File this post under “late to the game”, but I just completed a project where I used Apache Spark for the first time and I’m blown away. Here’s my experience.
No Cluster Needed
Perhaps it was my bias from working with Apache Impala a few years back, but I just assumed that Spark was going to need Hadoop set up on a cluster of servers. I didn’t want to spend my time getting all that set up just to play around with Spark, so I never bothered with it before.
Turns out, Spark has a rather robust single-machine setup. Even better, there’s an R library that took care of all the set up for me.

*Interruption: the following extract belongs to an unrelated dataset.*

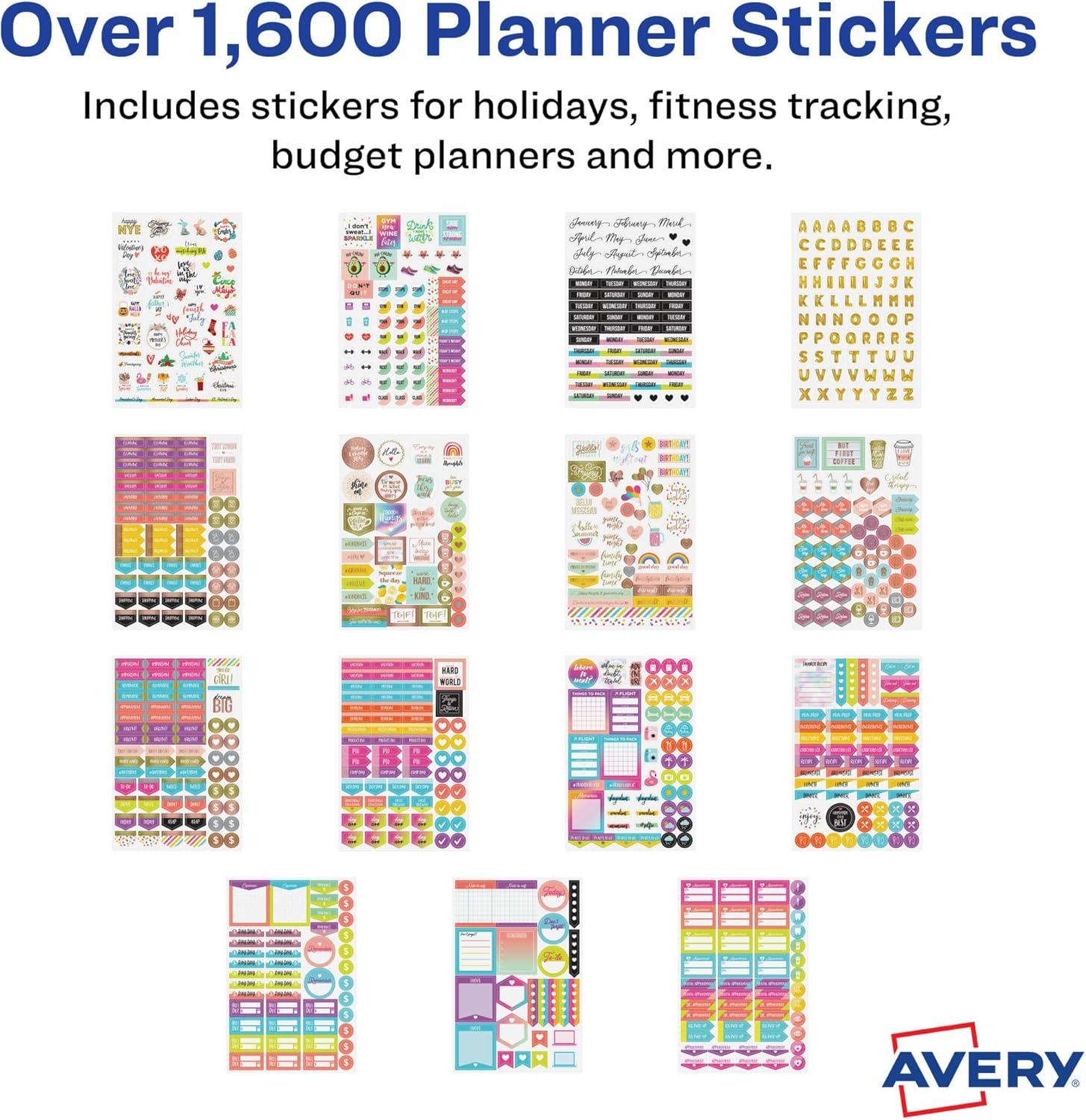 Avery Teacher Planner Stickers Pack, 30 Sticker Sheets, 1,430 Total, Education Planners, Journals or Calendars (6781)(Budget Pack)
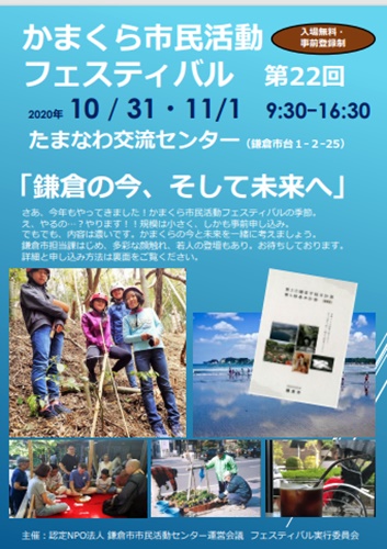 新型コロナが猛威を振るう中、 第22回かまくら市民活動フェスティバルを無事開催できたことを、 まずはご協力、ご参加いただいた団体、市民の皆さまに御礼いたしますと共に、 当方の不手際により、ご案内が遅れ、 ご参加のチャンスを逃された皆さまには深くお詫びをいたします。

sparklyr Makes Spark Simple
The R package
sparklyr made my foray into Spark dead simple. The package happily installed Spark for me and provided me functions to easily start and stop a Spark instance from within my R scripts.
Pro tip: by default
sparklyr limits Spark to a single core when it starts up an instance. You can change to multiple cores pretty easily and it makes a world of difference in terms of performance.
dplyr and Spark Is a Powerful Combination
dplyr is amazing. Rather than hand-writing Spark SQL,
dplyr provides a set of functions that allowed me to join tables, add where clauses, and manipulate the columns returned from Spark.
My project was to explore replacing an existing part of our data pipeline. Using Spark, our processing time went from days to hours.
More Spark in the Future
After this successful venture into Spark territory, I’m pretty sure I’ll be employing Spark in future projects.